WASHINGTON (CN) - President Obama said the results of this week's midterm elections revealed voters' concerns about the use of taxpayer money, the tone in Washington and the high unemployment rate. "It's clear that the voters sent a message, which is they want us to focus on the economy and jobs and moving this country forward," he said Thursday.
He urged his cabinet to "take that message to heart."
Democrats lost control of the House of Representatives in Tuesday's elections, losing 60 seats to Republicans, resulting in a total of 239 Republicans and 186 Democrats in the House, with 10 races still undecided.
Democrats retained control of the Senate, losing six seats to Republicans, with Democrats holding 52 seats and Republicans occupying 46, with two races undecided.
"I won the election in 2008, one of the reasons, I think, that people were excited about the campaign was the prospect that we would change how business is done in Washington," Obama said at a press conference Wednesday. "And we were in such a hurry to get things done that we didn't change how things got done. And I think that frustrated people."
Obama invited Sen. Minority Leader Mitch McConnell, R-Ky.; Rep. John Boehner, R-Ohio, likely the next Speaker of the House; Senate Majority Leader Harry Reid, D-Nev.; and current House Speaker Nancy Pelosi, D-Calif., to the White House the first week Congress returns from elections for its lame duck session on Nov. 18.
"It's not just going to be a photo op," Obama said.
He said the leaders would talk "substantively" about responding to Americans' concerns, expressed in the ballot box, during the lame duck session.
Obama said his biggest priority is extending Bush-era tax cuts for the middle class.

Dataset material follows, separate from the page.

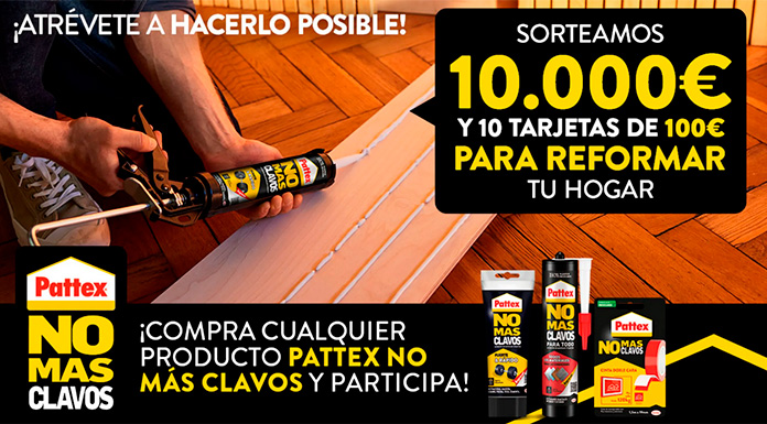 ¡Vuelve a estar activo un gran sorteo de Pattex para reformar tu hogar! Para atreverte a hacerlo posible 🙂 La gran marca de Pattex se ha animado ha lanzar este sorteo con el que, entre todos los que participen en el, sortearán 10.000 euros y 10 tarjetas de 100 euros para reformar tu hogar. Repartirán […]
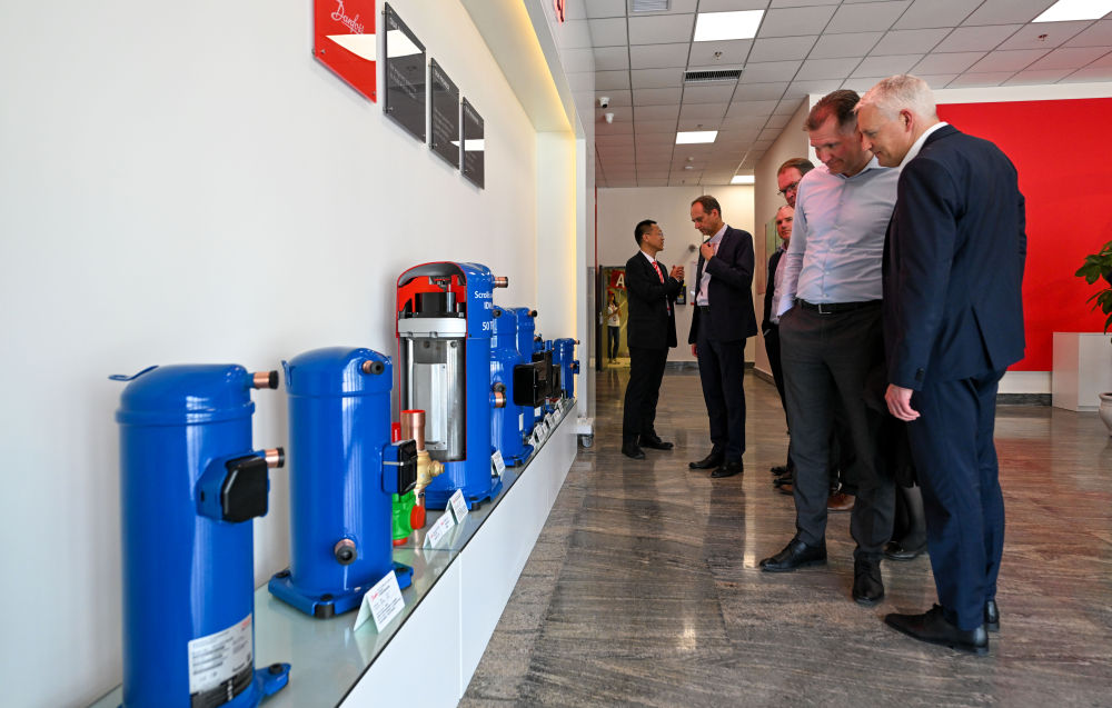 5月10日,在丹佛斯全球制冷研发测试中心,参观人员参观商用压缩机。 新华社记者 孙凡越 摄

Obama has said he supports extending tax cuts for those who make $250,000 or less while letting them expire for those who make $250,000 or more.
Republicans have voiced support for extending all Bush-era tax cuts, including for upper-income earners.
"On the economy, we will work hard to ensure Democrats don't raise taxes on anybody, especially in the middle of a recession," McConnell told a group at the Heritage Foundation on Thursday.
White House Press Secretary Robert Gibbs said Thursday that the administration was open to compromise on tax cuts.
Obama also said Congress needs to extend unemployment insurance, advance business incentives for investing in the United States and finalize the business tax structure to give businesses certainty.
"We can't afford two years of just squabbling," Obama said, adding that other countries were "moving" and becoming more competitive in the manufacturing, services, education and scientific sectors.
Obama promised that his administration would help "root out waste in government," work to increase efficiency in government agencies, and generate ideas to reduce the unemployment rate, which has hovered at 9.6 percent.
Obama also invited newly elected Democratic and Republican governors to the White House on Dec. 2.
McConnell, who recently said his biggest priority over the next two years would be to make Obama a one-term president, stuck to his remarks on Thursday.
"Over the past week, some have said it was indelicate of me to suggest that our top political priority over the next two years should be to deny President Obama a second term in office," McConnell said. "But the fact is, if our primary legislative goals are to repeal and replace the health spending bill, to end the bailouts, cut spending, and shrink the size and scope of government, the only way to do all these things it is to put someone in the White House who won't veto any of these things."
McConnell credited recent Republican obstructionism in Congress for the party's gains in midterm elections.
"Tuesday was a referendum, not a choice," McConnell said. "It was a report card on the administration and anyone who supported its agenda."
On Wednesday, Obama defended government actions such as the stimulus bill and financial reform, saying they were necessary responses to an emergency, but he said he saw why people might think they looked like "potential overreach."
McConnell said Republicans would do as much as they could to repeal the health care bill, but because "a Democrat holds the veto pen," a "straight repeal" may have to wait.